Tidak lama kemudian Raden Samba yang bersemedi di tempat tersebut merasa bahwa dirinya sudah bisa mendapatkan Wahyu Cakraningrat. Dia sangat bangga bahwa dengan kekuatan sendiri bisa mendapatkan wahyu tersebut. Maka berangkatlah Raden Samba pulang ke Dwarawati dengan hati yang sombong karena Wahyu Cakraningrat sudah berada pada dirinya. Tiba-tiba Kurawa mengejar dan meminta wahyu yang sudah berada pada diri Samba. Sudah barang tentu Raden Samba tidak memperbolehkan. Terjadilah peperangan yang sengit.

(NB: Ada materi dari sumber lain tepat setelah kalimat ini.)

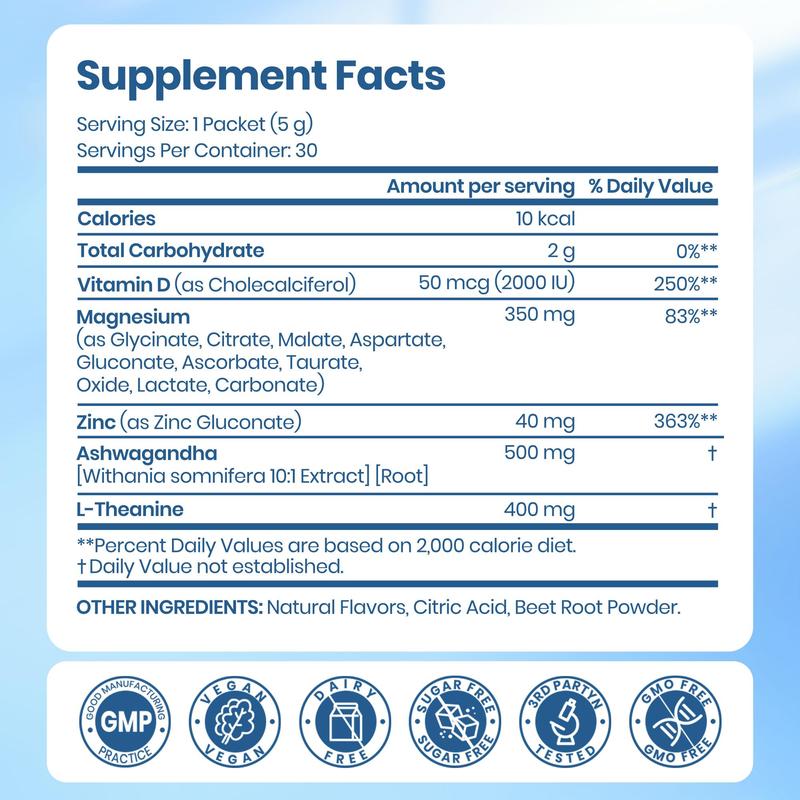 ·Key Ingredients: This supplement includes Ashwagandha, L-Theanine, and Vitamin D. It supports cortisol management and helps calm and relaxation.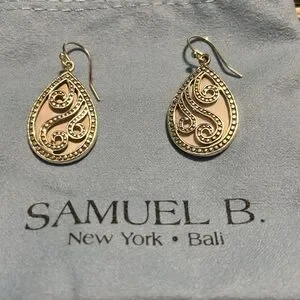 These earrings are by Samuel B. Please note the 1st Pic of these earrings shows the side that you see when they are worn. Sterling Silver with Mother Pearl in the background. The pink side is not revealed when you wear them and color is slightly off see pic 5. The previous seller did not disclosed this probably because this side does not show much when wearing these earrings. They are very pretty, but I am reposhing them. Please see the actual dimensions and pics as listed for details .
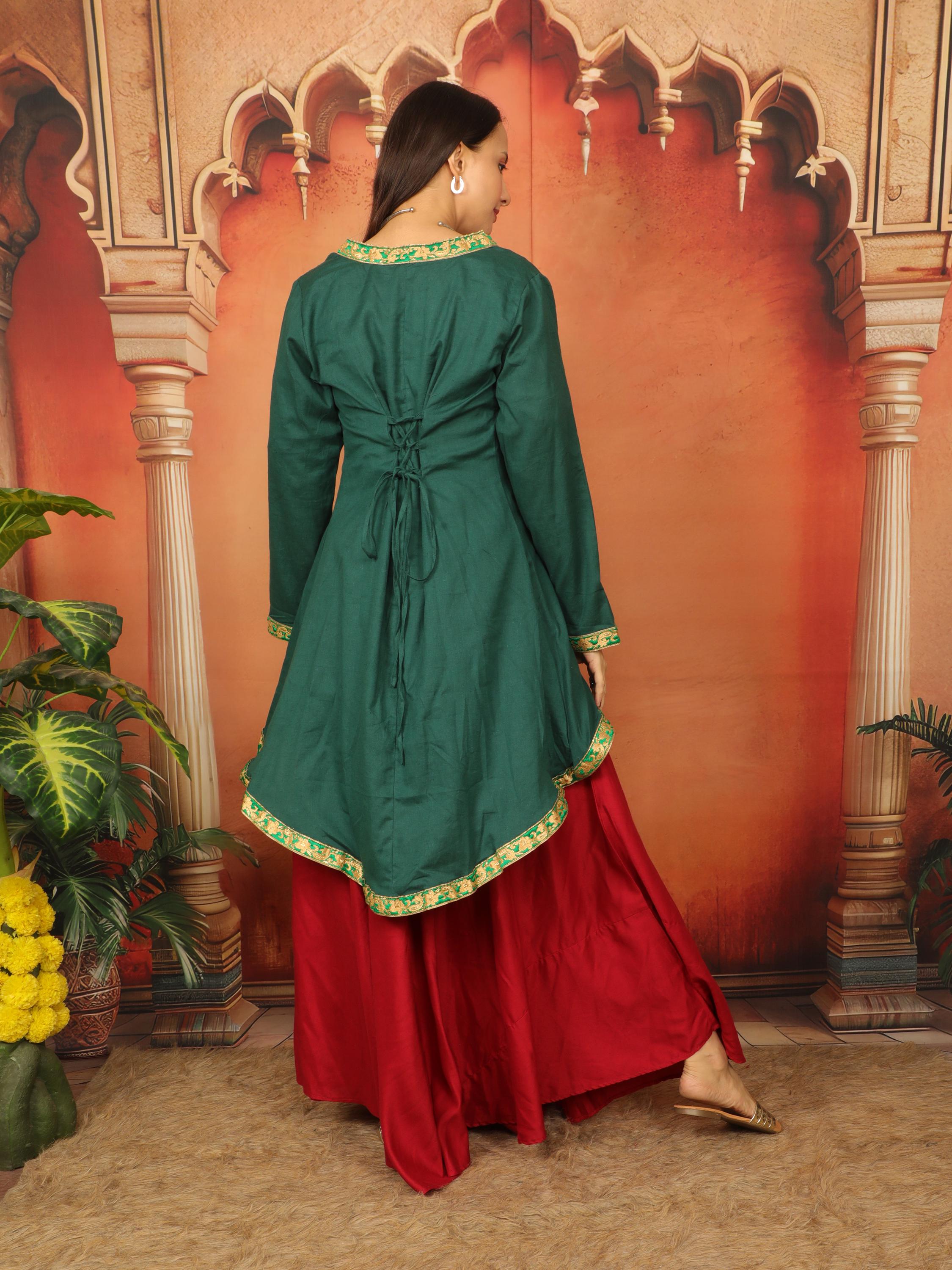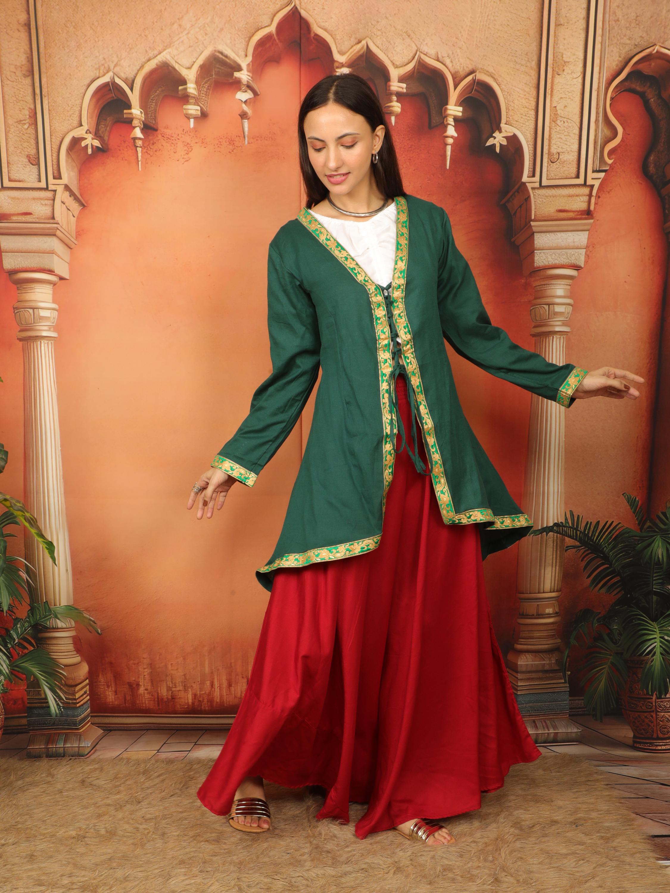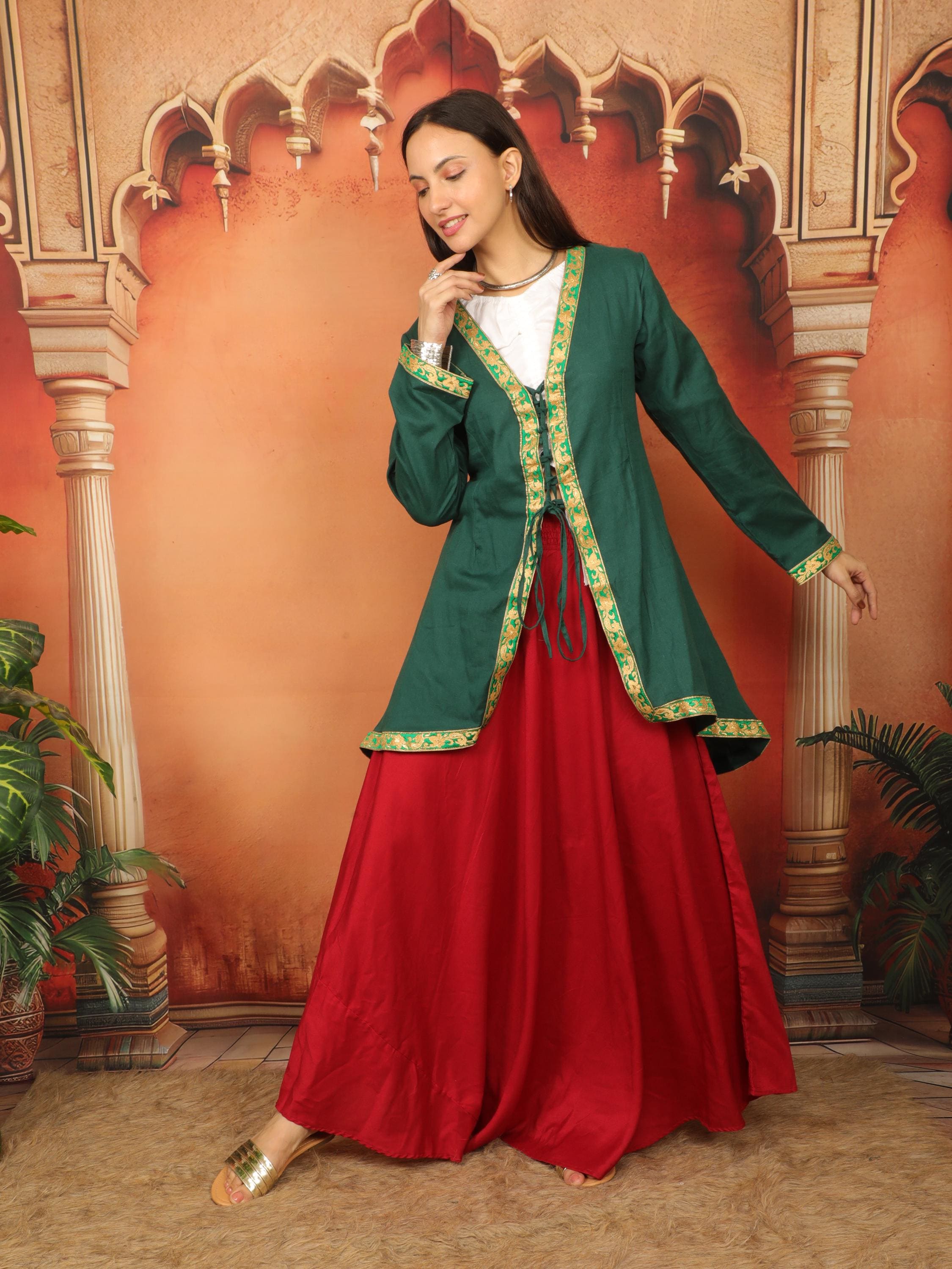 This unique Women's Long Cosplay Vest features a flattering, flared silhouette, crafted from rich dark green-colored cotton.

Ternyata tidak ada yang bisa melawan kekuatan Raden Samba. Mereka lari tunggang langgang dan tidak ada lagi yang berani berhadapan dengan Raden Samba. Dengan larinya para Kurawa itu berarti mereka telah kalah dan tidak akan berani lagi mengganggu perjalanan Raden Samba. Demikianlah Raden Samba merasa dirinya paling kuat dan sakti mandraguna. Dia berani mengatakan ”akulah segalanya.” Bahkan Raden Samba telah berani mengukuhkan ”Akulah orang yang akan menurunkan Raja-raja “

Sesudah melontarkan kata-kata itu, dia lalu terdiam sejenak, dia seperti mendengarkan lengkingan kata-kata sang ibu dewi Jembawati ”Anakku ngger Samba, eling den eling ngati-ati marang sakehing panggoda. Eling-elingen ya ngger ya!” (anakku Samba, ingat dan hati-hatilah terhadap semua godaan, ingatlah angger). Dasar Samba anak yang congkak dan sombong, kata-kata ibunya itu selalu diingat tetapi tidak diperhatikan. Dalam hati kecil Raden Samba berkata ”namanya orang kuat karena mendapat wahyu maka tak ada yang mampu mengganggu, contohnya Kurawa tak akan mampu mengalahkanku ha..ha..ha…” demikian kata-kata sombong Raden Samba. Sejenak kesombongan Raden Samba sedang bertahta dalam singgahsana hatinya. Seketika itu juga nampak di matanya seorang perempuan bersama seorang laki-laki tua. Si perempuan itu masih muda, cantik berkulit kuning langsap, bermata juling. Mereka menghaturkan sembah kepada Raden Samba. Dan tentu Raden Samba sangat rela untuk menerima sembahnya. Keduanya ingin mengabdi kepadanya. Itulah keperluan mereka berdua, mengapa keduanya menghadap ke sang penerima Wahyu Cakraningrat.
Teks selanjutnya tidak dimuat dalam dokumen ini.